Senator Rose Conway-Walsh leads Seanad tributes to William Trevor

Late writer commended for ‘wonderful contribution to literature and Ireland’

Late writer William Trevor: Tributes paid in the Seanad. Photograph: Eric Luke

Late writer William Trevor: Tributes paid in the Seanad. Photograph: Eric Luke

 

Sinn Féin Seanad leader Senator Rose Conway-Walsh led tributes in the Seanad to the late writer William Trevor. She wanted to “acknowledge the wonderful work he did in highlighting serious issues in our country”.

Ms Conway-Walsh recalled her role as an extra in The Ballroom of Romance, which was produced in Ballycroy, Co Mayo.

“William Trevor was responsible for my first pay cheque. We all received £18 per day.
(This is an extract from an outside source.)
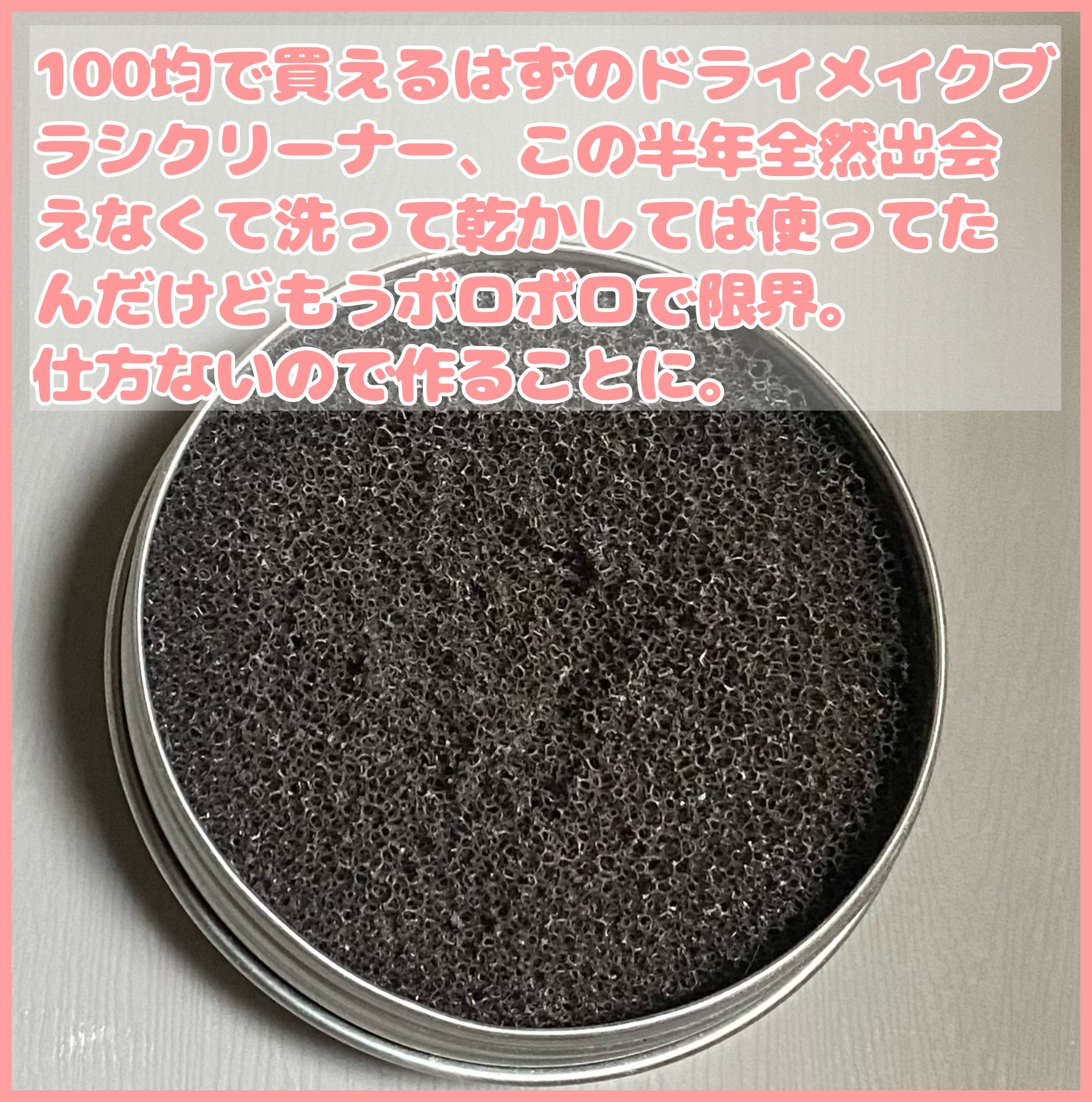 アイシャドウとかの色とかラメをいちいちティッシュで拭き取って使ってたよ〜。セリアでドライメイクブラシクリーナーなるものを発見!小さいサイズもありました。それは携帯用に良さそう。これは便利〜。くるくるするとブラシについたラメや色が取れる!スポン...

To a small, rural parish such as Ballycroy, it meant a lot.”

The Mayo Senator said the writer examined serious issues including rural Ireland. “He must be commended on the wonderful contribution he made to literature and Ireland as a whole.”

Labour Seanad leader Ivana Bacik described Trevor as “a beautiful writer of wonderful short stories that were really evocative of rural Ireland”.

Jewel for sociologists

Fine Gael Senator Joe O’Reilly said The Ballroom of Romance would be “a jewel for sociologists and historians for generations to come”.
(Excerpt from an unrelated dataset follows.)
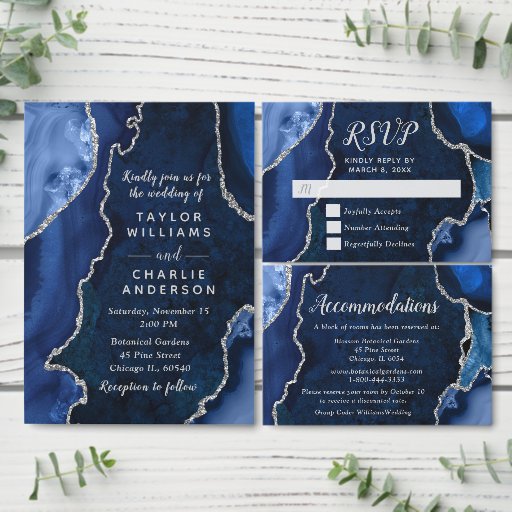 Navy Blue and Silver Agate Marble WeddingDesigned by Kirsty W

“It evokes and depicts a very glum and dark period in Irish history. It is one we tend to romanticise retrospectively but it does not merit such romanticising.”
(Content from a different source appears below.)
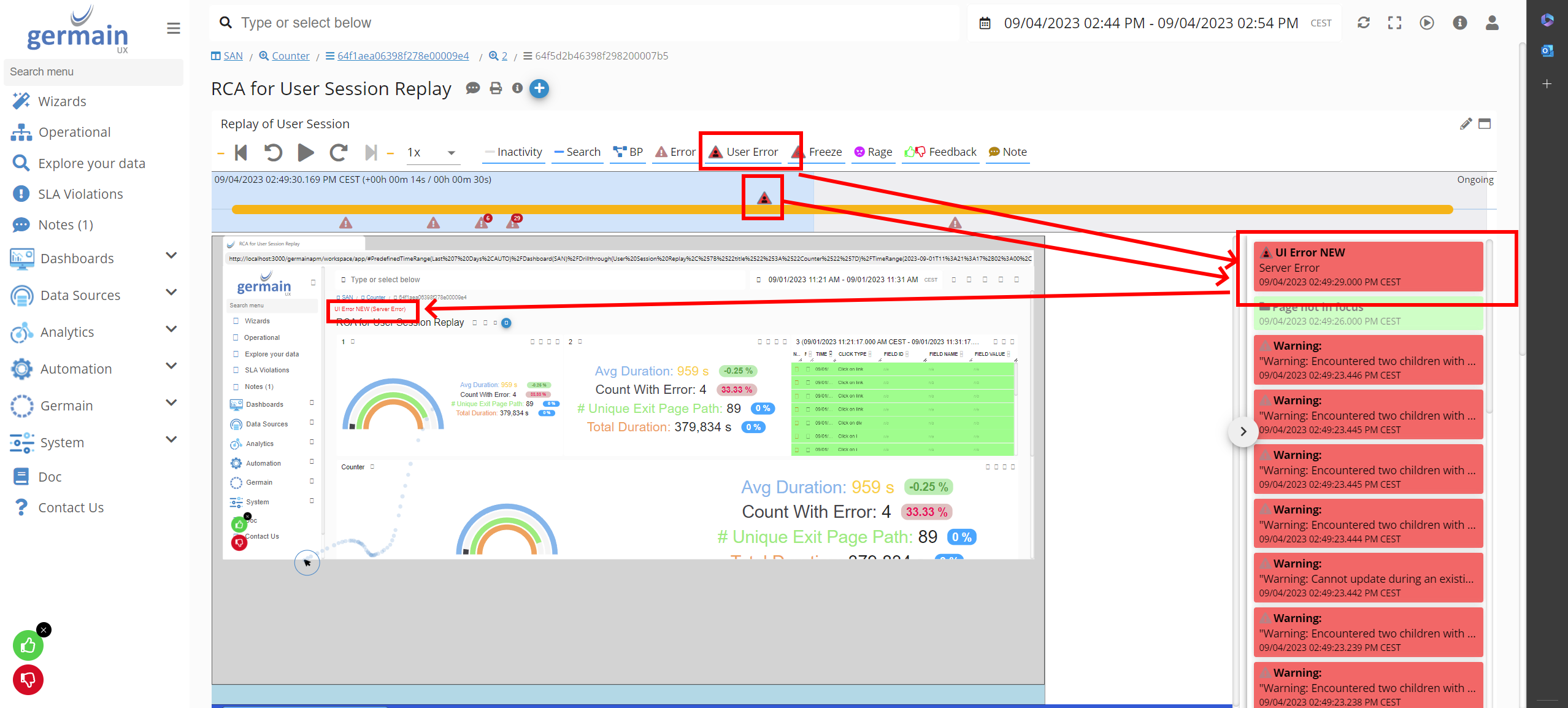 User Errors on User Session Replay - Germain UX

Independent Senator David Norris described Trevor as “a most modest, unassuming and charming man. He had a very sharply defined way of dealing with character in his short stories.

“I found some of the stories quite shocking. One of them was unbearable to read. It was about somebody who went away from a flat – I think it was in Brighton – and left the butler in charge. The butler gradually took over the flat. When he invited his friends in, they created devastation until the owner of the flat unexpectedly came back. I could hardly bear to read the last sentence.”

Mr Norris said Trevor “also illustrated the lives of the Protestant community in rural areas and small provincial towns”. He added “it is a moment to remember his quite extraordinary contribution to Irish literature”.